Further, the company will present the first preclinical data, including in non-human primates (NHP), highlighting a potent immunotherapy approach to deliver selected TSNA to patients. The delivery approach comprises a chimpanzee adenoviral vector (ChAdV) for the prime immunization, and a self-replicating, synthetic viral RNA vector (srRNA) for repeated boost immunizations. In preclinical NHP studies, delivery of selected antigens using this sequential (heterologous) prime/boost immunization approach, showed a quick onset of immune activation with induction of high numbers of antigen-specific T cells. In addition, co-administration of anti-CTLA4 further enhanced both the number and function of the elicited T cells, suggesting the system’s potential in combination with checkpoint inhibitors.

"In patients with solid tumors, the generation of a very large number of tumor neoantigen-specific CD8+ T cells is one of the major challenges associated with today’s immunotherapies," said Andrew Allen, M.D., Ph.D., co-founder, president and chief executive officer of Gritstone Oncology. "To leverage the neoantigens selected by EDGE, we have developed a potent immunotherapy regimen, which has produced high level CD8+ T cell responses in NHP. Historically, such models have been highly predictive of immune responses observed in humans, and these data support our plans to initiate clinical trials in in the second half of 2018. We are excited to be presenting our research at this year’s AACR (Free AACR Whitepaper) meeting, demonstrating the applicability of our integrated platform for the development of personalized immunotherapies for difficult-to-treat-cancers."

Abstract Title: A novel heterologous prime boost vaccine system drives tumor specific and potent CD8 T cell responses for cancer immunotherapy

Date & Time: April 15, 2018 from 1:00 to 5:00 p.m. CT

Abstract Findings: Gritstone Oncology has developed a potent heterologous prime/boost immunization approach to deliver predicted TSNAs to patients, which is comprised of a replication incompetent chimpanzee adenoviral vector (ChAdV) for the prime vaccination and a self-replicating, synthetic viral vector (srRNA) for repeated boost vaccinations. In a preclinical model, immunization with either vector resulted in strong antigen-specific CD8 T-cell responses and provided a statistically significant survival advantage to tumor bearing mice when compared to untreated mice. The potency was also tested in a non-human primate model, demonstrating quick onset of T-cell responses one week post ChAdV prime vaccination, with peak T-cell responses at two to three weeks and effectively boosted by the srRNA vector. In addition, co-administration of anti-CTLA4 with the vaccine demonstrated enhanced vaccine-induced immune response.

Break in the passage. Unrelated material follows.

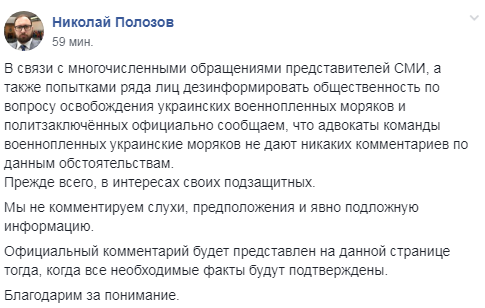 "В связи с многочисленными обращениями представителей СМИ, а также попытками ряда лиц дезинформировать общественность по вопросу освобождения украинских военнопленных моряков и политзаключённых официально сообщаем, что адвокаты команды военнопленных украинских моряков не дают никаких комментариев по данным обстоятельствам. Прежде всего, в интересах своих подзащитных", - говорится в опубликованном сообщении.
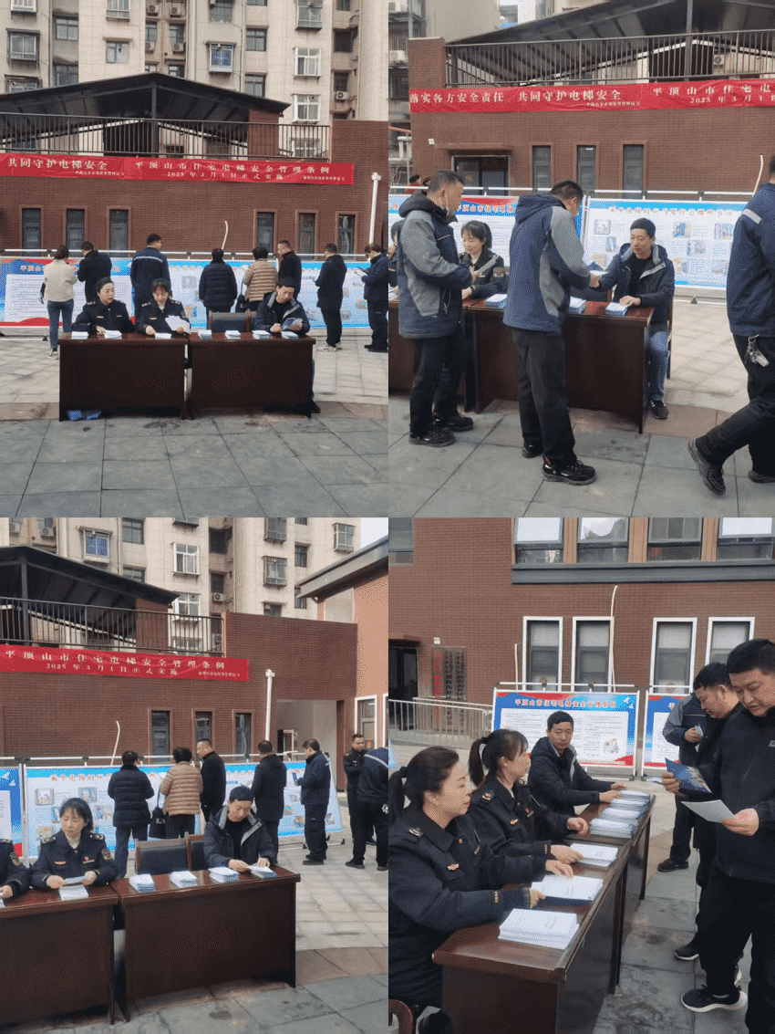 《平顶山市住宅电梯安全管理条例》(以下简称《条例》)于2025年3月1日起正式施行,标志着平顶山市住宅电梯安全管理进入新的法治化阶段。为推动该《条例》有效实施,构建电梯安全共建共治新格局,2月28日,河南省特检院平顶山分院联合平顶山市市场监督管理局在新华区平煤物供新程街小区开展《条例》宣传活动。

Abstract Title: Antigen identification for cancer immunotherapy by deep learning on tumor HLA peptides

Date & Time: April 18, 2018 from 8:00 a.m. to 12 p.m. CT

Abstract Findings: Using a large dataset of tumor transcriptomes and immunopeptidomes, Gritstone Oncology has trained a deep learning model (EDGE) to predict the presentation of HLA peptides on tumor cells. The model was tested on HLA presented peptides from held-out tumor samples and demonstrated an approximately 10-fold improvement in positive predictive value compared to standard tools. The model was also tested for its ability to predict neoantigens recognized by T-cells and included the majority (16/23, 70%) of validated neoantigens from an independent test set in a putative 20-mutation personalized immunization.